*Recorded data:*
========================================
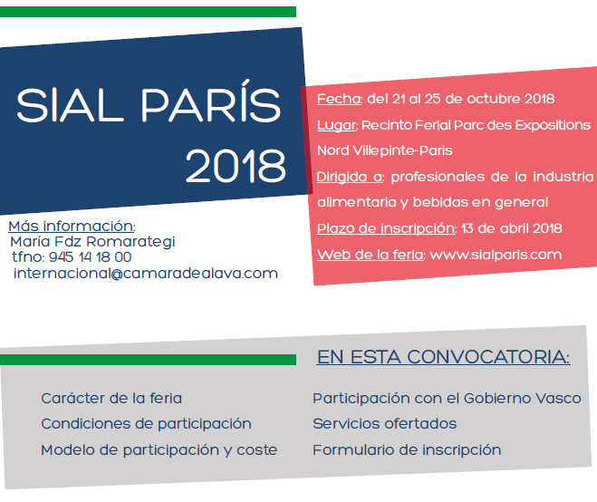 Convocatoria Sial París 2018 Pincha sobre la imagen para acceder a toda la información Fecha de última modificación: 07/03/2018
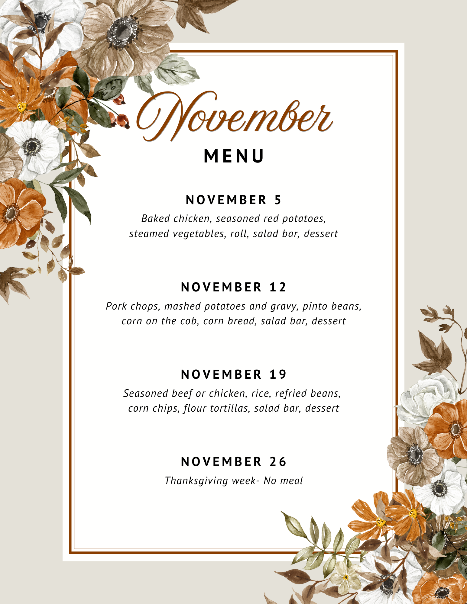 For Reservations for Wednesday Night Meals, please email Susie Stephens.
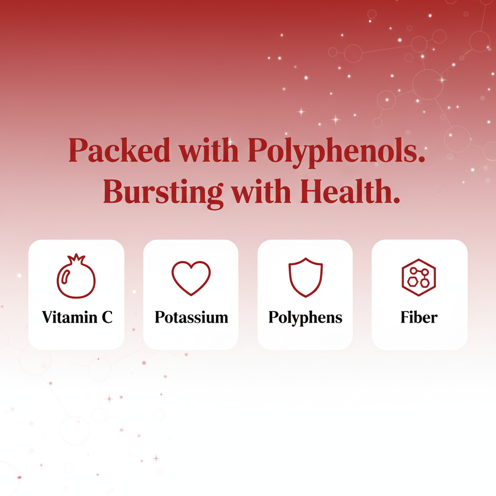 Pomegranate (Punica granatum) is packed with polyphenols like punicalagins and anthocyanins, which give it its vibrant red color and powerful antioxidant properties. These compounds help neutralize free radicals, reduce inflammation, and support cell repair.
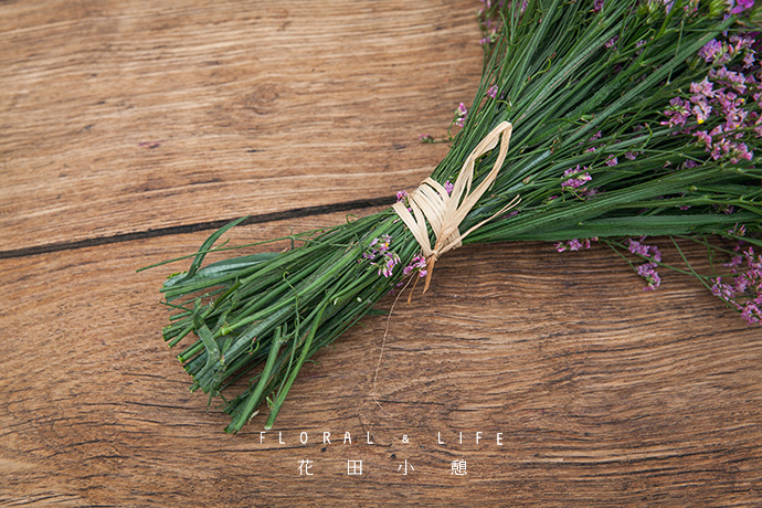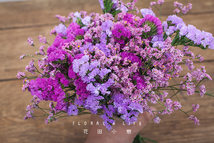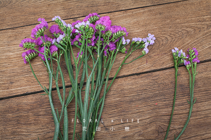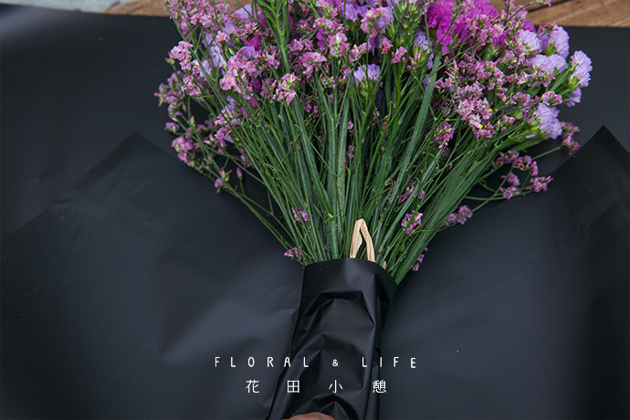 花束在制作之前的主要工作是处理花材,去掉勿忘我和水晶草多余的叶材,收拾折掉的花材。
========================================
*What the task asks:* The line with "For Reservations for" marks the end: restate word for word every line from the top of the data through that one, omitting pictures.

*Solution to this task:*
 Convocatoria Sial París 2018 Pincha sobre la imagen para acceder a toda la información Fecha de última modificación: 07/03/2018
 For Reservations for Wednesday Night Meals, please email Susie Stephens.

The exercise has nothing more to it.